PayMaya Philippines Inc. Aug 2018 – Jun 2020
Engineering Manager — Wallet Platform Group
  • Managed part of the PayMaya Wallet platform group responsible for core banking and card management systems processing all issuing financial movement on the platform.
  • Designed and led a zero-downtime migration of the API serving layer from Apigee to API Gateway, including migrating the OAuth token provider, implementing backwards-compatible authentication across both gateways, and orchestrating DNS-based traffic cutover with no client disruption.
  • Led the migration of 80% of databases from Oracle to PostgreSQL, improving scalability and reducing licensing costs to support the platform's rapid user growth.
Freelancer Pty Ltd Oct 2012 – Aug 2018
Senior Software Engineer
  • Designed and implemented a multi-layer caching architecture to handle heavy bot and crawler traffic: database-backed responses for authenticated users with selective caching of static data, S3-stored pre-rendered content for unauthenticated users and bots, and Varnish at the load balancer layer for full HTML caching — routing different traffic types through different serving strategies to reduce database load.

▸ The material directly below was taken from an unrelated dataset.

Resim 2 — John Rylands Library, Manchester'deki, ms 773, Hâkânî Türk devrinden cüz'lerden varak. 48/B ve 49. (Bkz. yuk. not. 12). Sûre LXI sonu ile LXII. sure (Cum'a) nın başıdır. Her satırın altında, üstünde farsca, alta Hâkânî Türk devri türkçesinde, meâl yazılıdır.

  • Led development of the company's internationalization/translation service, providing language translation to multiple systems via an RPC interface using Apache Thrift.
  • Served as Interim Director of Engineering for 6 months, managing 40 engineers across multiple teams while continuing technical contributions.

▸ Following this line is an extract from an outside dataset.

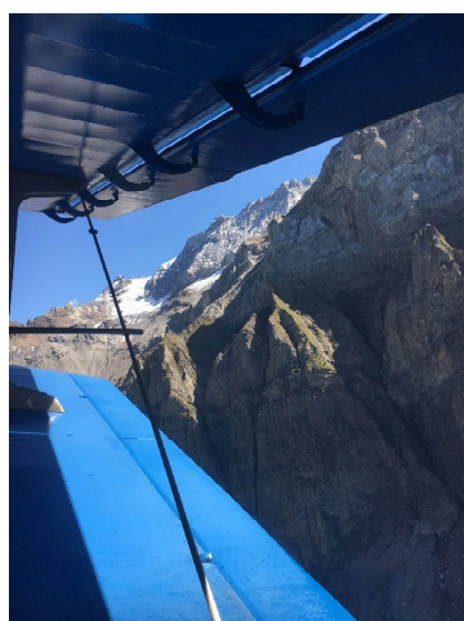
mitten in den Bergen

Sourcefit Philippines Jul 2011 – Oct 2012
Web Developer
  • Built and maintained client websites from WordPress implementations to a custom-built CMS. Managed full server administration including Apache, MySQL, and DNS configuration.

Technical Leadership

Education

Self-taught Software Engineer — Studied Computer Science at University of the Philippines (2016–2018) to strengthen fundamentals before leaving to build a bank from scratch at PayMaya.